YOUR ASSIGNMENT: Beginning with the line that holds "在镇宁布依族苗族自治县六马镇" in the data below, give again every line through the one that holds "高溫送清涼,點滴沁人心。8月", exactly as written.

RECORD EXTRACTS:
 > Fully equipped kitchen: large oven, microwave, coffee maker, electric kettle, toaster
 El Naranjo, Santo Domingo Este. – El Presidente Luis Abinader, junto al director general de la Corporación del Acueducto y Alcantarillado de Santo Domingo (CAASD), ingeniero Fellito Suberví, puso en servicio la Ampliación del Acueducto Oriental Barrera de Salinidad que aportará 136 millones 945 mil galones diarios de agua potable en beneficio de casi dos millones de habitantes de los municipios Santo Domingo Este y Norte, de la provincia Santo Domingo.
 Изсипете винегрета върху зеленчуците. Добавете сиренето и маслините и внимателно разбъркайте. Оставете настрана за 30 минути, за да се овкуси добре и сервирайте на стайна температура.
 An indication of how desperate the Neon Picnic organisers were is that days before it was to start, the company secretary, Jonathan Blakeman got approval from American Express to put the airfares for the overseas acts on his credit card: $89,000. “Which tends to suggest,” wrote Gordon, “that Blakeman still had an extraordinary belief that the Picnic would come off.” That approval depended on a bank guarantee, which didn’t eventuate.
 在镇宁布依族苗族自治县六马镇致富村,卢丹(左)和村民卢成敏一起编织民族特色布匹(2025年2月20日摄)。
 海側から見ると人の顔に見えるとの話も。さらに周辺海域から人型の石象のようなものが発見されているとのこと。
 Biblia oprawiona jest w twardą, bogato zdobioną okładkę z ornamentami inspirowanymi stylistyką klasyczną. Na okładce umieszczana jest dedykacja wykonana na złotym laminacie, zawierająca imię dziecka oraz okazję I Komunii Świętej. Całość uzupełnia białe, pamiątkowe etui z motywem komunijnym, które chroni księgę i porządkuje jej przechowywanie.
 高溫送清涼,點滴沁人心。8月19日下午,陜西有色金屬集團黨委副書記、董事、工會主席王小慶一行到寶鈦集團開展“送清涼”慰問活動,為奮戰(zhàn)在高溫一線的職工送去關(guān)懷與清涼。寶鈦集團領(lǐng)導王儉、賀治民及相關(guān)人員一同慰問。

* * *

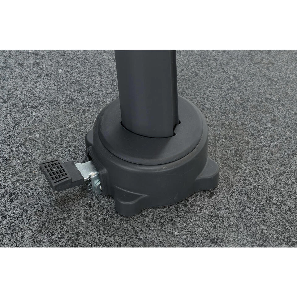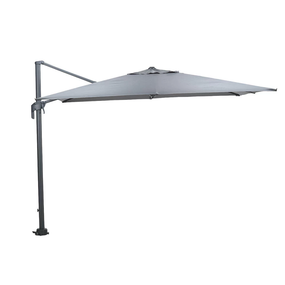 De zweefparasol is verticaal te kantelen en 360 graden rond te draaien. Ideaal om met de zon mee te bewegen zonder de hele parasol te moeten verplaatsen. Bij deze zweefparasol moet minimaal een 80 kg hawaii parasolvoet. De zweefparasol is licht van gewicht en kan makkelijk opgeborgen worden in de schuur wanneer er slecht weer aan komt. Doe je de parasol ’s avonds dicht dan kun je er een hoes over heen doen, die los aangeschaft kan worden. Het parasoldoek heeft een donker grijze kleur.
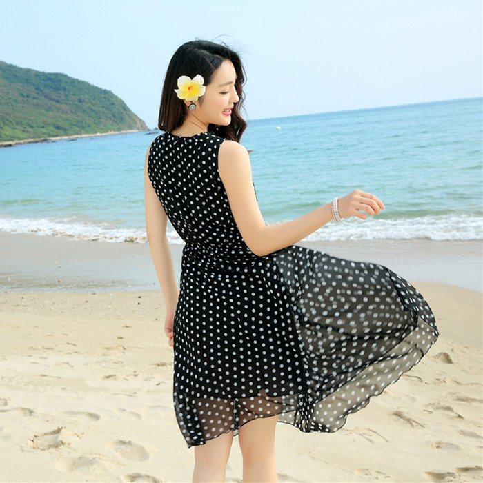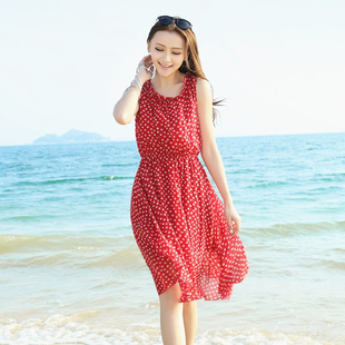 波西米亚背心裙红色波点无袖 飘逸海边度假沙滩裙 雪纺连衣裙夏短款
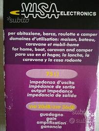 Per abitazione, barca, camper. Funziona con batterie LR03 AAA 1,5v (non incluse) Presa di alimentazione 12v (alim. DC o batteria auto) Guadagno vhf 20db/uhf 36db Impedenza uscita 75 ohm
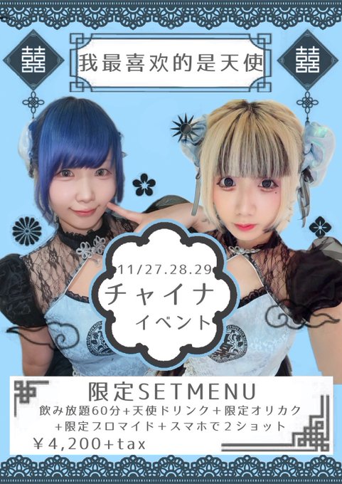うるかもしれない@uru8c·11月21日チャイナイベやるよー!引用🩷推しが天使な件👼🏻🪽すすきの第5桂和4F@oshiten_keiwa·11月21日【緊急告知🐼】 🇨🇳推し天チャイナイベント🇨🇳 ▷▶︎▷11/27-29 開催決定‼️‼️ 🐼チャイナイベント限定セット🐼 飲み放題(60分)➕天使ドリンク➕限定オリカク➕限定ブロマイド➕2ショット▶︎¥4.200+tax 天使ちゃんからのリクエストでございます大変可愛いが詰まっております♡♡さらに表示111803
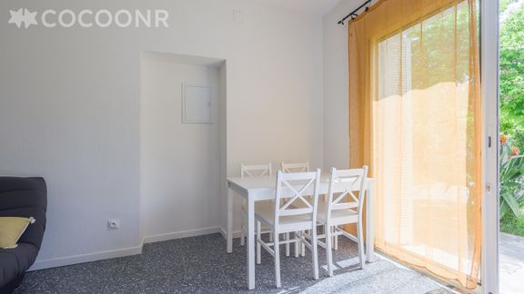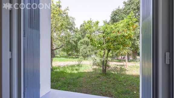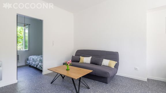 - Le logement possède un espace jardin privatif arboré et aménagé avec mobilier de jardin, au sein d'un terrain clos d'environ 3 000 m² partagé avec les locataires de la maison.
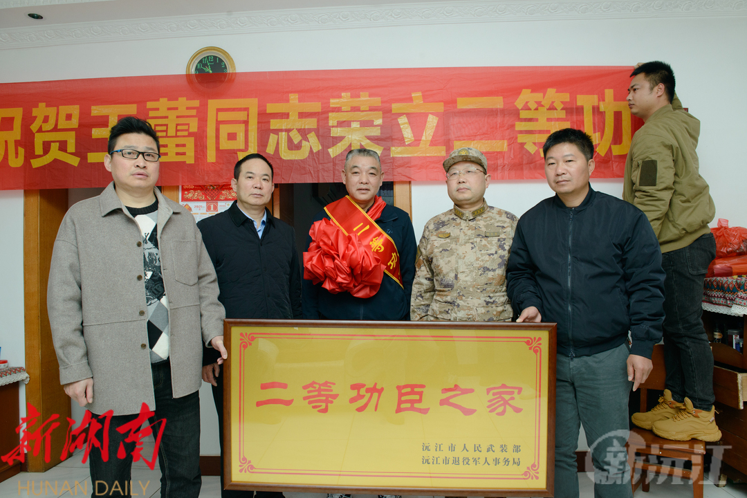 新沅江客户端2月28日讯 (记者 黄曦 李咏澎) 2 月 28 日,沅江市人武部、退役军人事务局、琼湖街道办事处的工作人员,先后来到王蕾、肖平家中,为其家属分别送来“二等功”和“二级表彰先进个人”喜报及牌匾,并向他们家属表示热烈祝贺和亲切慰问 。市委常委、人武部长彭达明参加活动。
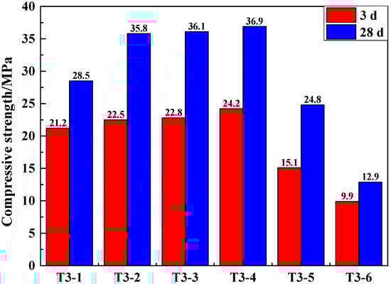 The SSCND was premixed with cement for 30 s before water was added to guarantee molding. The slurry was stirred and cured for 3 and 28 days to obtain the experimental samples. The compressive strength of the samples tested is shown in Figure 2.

...

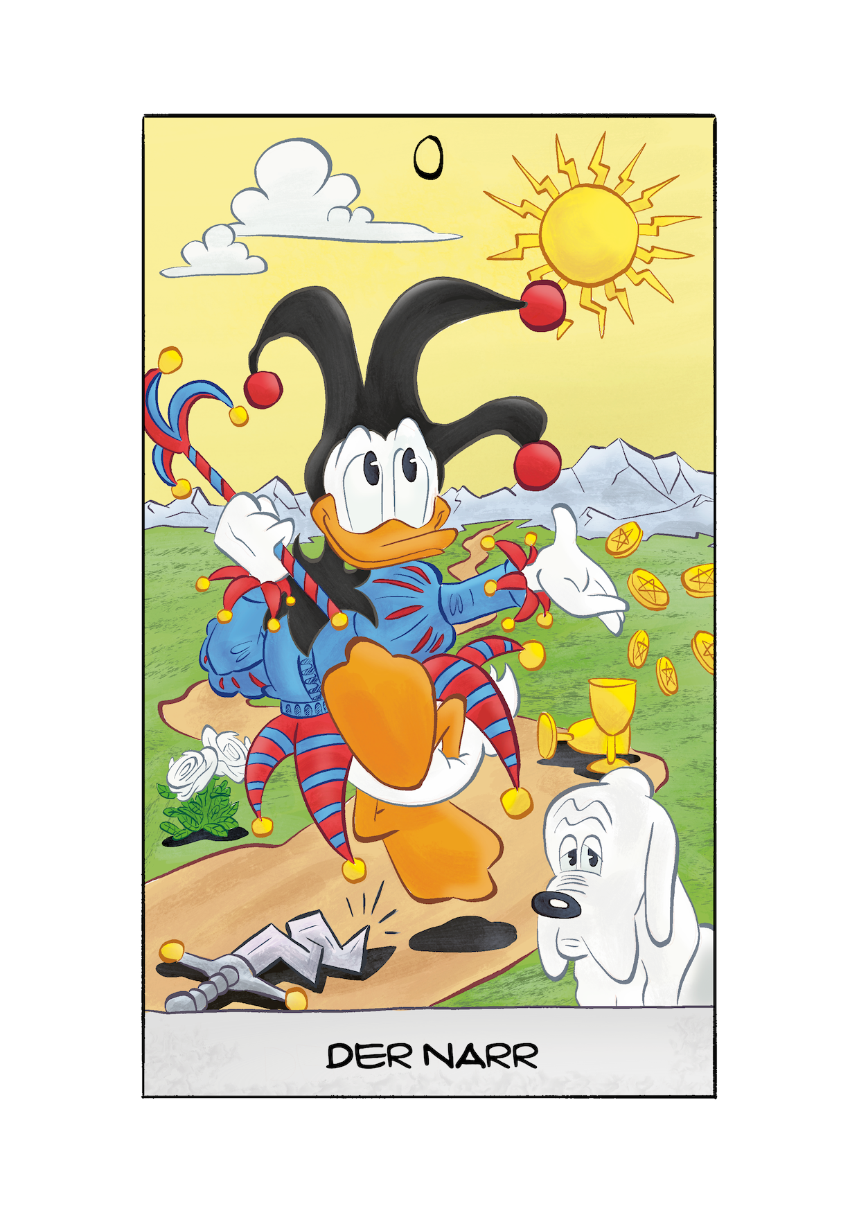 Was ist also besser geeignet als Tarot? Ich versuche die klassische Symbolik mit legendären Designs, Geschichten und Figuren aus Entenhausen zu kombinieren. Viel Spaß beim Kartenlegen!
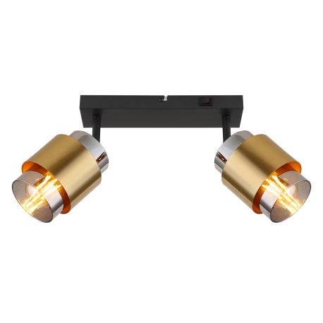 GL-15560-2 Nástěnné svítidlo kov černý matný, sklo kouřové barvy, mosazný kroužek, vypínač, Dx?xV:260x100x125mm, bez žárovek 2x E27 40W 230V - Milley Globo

EXERCISE OUTPUT:
 在镇宁布依族苗族自治县六马镇致富村,卢丹(左)和村民卢成敏一起编织民族特色布匹(2025年2月20日摄)。
 海側から見ると人の顔に見えるとの話も。さらに周辺海域から人型の石象のようなものが発見されているとのこと。
 Biblia oprawiona jest w twardą, bogato zdobioną okładkę z ornamentami inspirowanymi stylistyką klasyczną. Na okładce umieszczana jest dedykacja wykonana na złotym laminacie, zawierająca imię dziecka oraz okazję I Komunii Świętej. Całość uzupełnia białe, pamiątkowe etui z motywem komunijnym, które chroni księgę i porządkuje jej przechowywanie.
 高溫送清涼,點滴沁人心。8月19日下午,陜西有色金屬集團黨委副書記、董事、工會主席王小慶一行到寶鈦集團開展“送清涼”慰問活動,為奮戰(zhàn)在高溫一線的職工送去關(guān)懷與清涼。寶鈦集團領(lǐng)導王儉、賀治民及相關(guān)人員一同慰問。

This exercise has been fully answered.